The training accuracy is around 0.99 with 27 variables. It is often useful to also check the variable of importance (as with GBM before) as well as how accuracy may depend on the number of randomly selected predictor variables.
par(mfrow=c(1,3))
varImpPlot(fit_rf$finalModel, type = 1, pch=16, col='navy')
varImpPlot(fit_rf$finalModel, type = 2, pch=16, col='dark green')
plot(fit_rf$results[,c(1,2)] , xlab = "Predictors", ylab = "Accuracy" , col="red")
lines(fit_rf$results[,c(1,2)], col="red")
As with the GBM, it appears that the top 3 variables (‘roll_belt’; ‘yaw_belt’; ‘pitch_forearm’) have the strongest influence on the model.
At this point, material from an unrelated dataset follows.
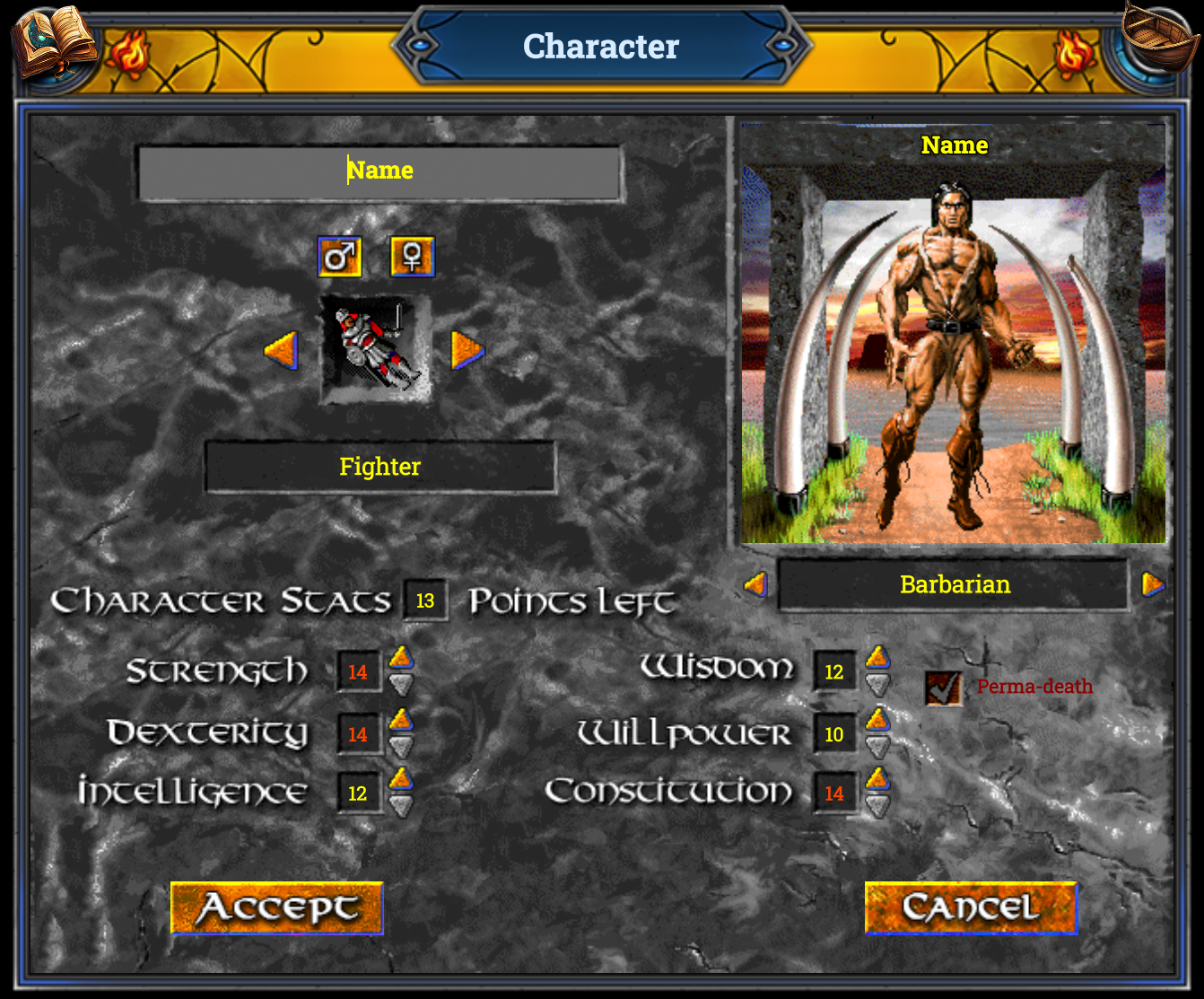 This screen should be fairly intuitive. Just change your name in the textbox at the top left. Change your gender, class, and race (image to the right) to whatever is desired using the buttons and arrows. Use the available stat points to increase your stats. Ultimately where you put your stat points is unimportant as stats can be increased through stat potions or in the case of fighter's strength, a quest. Race is ultimately even more unimportant in terms of your character stats. Race affects your start skills slightly, but the difference is so insignificant you will out level that difference within your first 10 minutes of game play. Consequently, race is ultimately purely cosmetic. While stats can be increased later in the game, you will likely be stuck with your starting stats for a while, and they heavily affect HP/Stamina/MP. So, see Creating your Character for more information on each class and the stats important to them. Choose whether the character will be perma-death or not and hit accept. This will take you back out to the conference room (shown below)

This can be appreciated both by the amount they decrease the mean accuracy when they are excluded from the model, and also by the corresponding (high) mean decrease in their Gini Coefficient which reflect the purity of their measures (ref. https://dinsdalelab.sdsu.edu/metag.stats/code/randomforest.html). It is worth noting that including more variables didn’t necessarily improve the training accuracy.
fit_rf$finalModel
##
## Call:
## randomForest(x = x, y = y, mtry = param$mtry, importance = TRUE)
## Type of random forest: classification
## Number of trees: 500
## No. of variables tried at each split: 27
##
## OOB estimate of error rate: 0.57%
## Confusion matrix:
## A B C D E class.error
## A 4461 2 0 0 1 0.000672043
## B 18 3012 8 0 0 0.008558262
## C 0 10 2716 12 0 0.008035062
## D 0 1 25 2545 2 0.010882239
## E 0 1 4 5 2876 0.003465003
The final trained model with 27 parameters has an error rate of about 0.57%. Let’s validate the RF to see how it performs.
validate_rf <- predict(fit_rf, validating)
(confMat_val_rf <- confusionMatrix(validating$classe, validate_rf))
## Confusion Matrix and Statistics
##
## Reference
## Prediction A B C D E
## A 1114 1 1 0 0
## B 5 751 3 0 0
## C 0 4 677 3 0
## D 0 0 4 638 1
## E 0 0 2 3 716
##
## Overall Statistics
##
## Accuracy : 0.9931
## 95% CI : (0.99, 0.9955)
## No Information Rate : 0.2852
## P-Value [Acc > NIR] : < 2.2e-16
##
## Kappa : 0.9913
## Mcnemar's Test P-Value : NA
##
## Statistics by Class:
##
## Class: A Class: B Class: C Class: D Class: E
## Sensitivity 0.9955 0.9934 0.9854 0.9907 0.9986
## Specificity 0.9993 0.9975 0.9978 0.9985 0.9984
## Pos Pred Value 0.9982 0.9895 0.9898 0.9922 0.9931
## Neg Pred Value 0.9982 0.9984 0.9969 0.9982 0.9997
## Prevalence 0.2852 0.1927 0.1751 0.1642 0.1828
## Detection Rate 0.2840 0.1914 0.1726 0.1626 0.1825
## Detection Prevalence 0.2845 0.1935 0.1744 0.1639 0.1838
## Balanced Accuracy 0.9974 0.9954 0.9916 0.9946 0.9985
# (accuracy_val_rf <- postResample(validate_rf, validating$classe))
(OutOfSampleErrorRate_rf <- (1 - as.numeric(confMat_val_rf$overall[1]) )*100 )
## [1] 0.6882488
The validated RF yielded a high accuracy of 0.993, and the out-of-sample error rate is about 0.69%.
Let’s predict the test data with both models.
While GBM has a slightly lower accuracy than RF model, they both yielded the same (Quiz-verified) predicted mode of weight lifting peformance in the test dataset.
(predict_rf <- predict(fit_rf, test))
## [1] B A B A A E D B A A B C B A E E A B B B
## Levels: A B C D E
(predict_gbm <- predict(fit_gbm, test))
## [1] B A B A A E D B A A B C B A E E A B B B
## Levels: A B C D E
At least for this current dataset, both GBM and RF models do comparatively well in their prediction accuracy. It is interesting to observe the higher out-of-sample error rate in the GBM relative to the RF model.
Parameter-tuning may simplify the model(s). It would be nice to figure a way to plot the final tree model(s).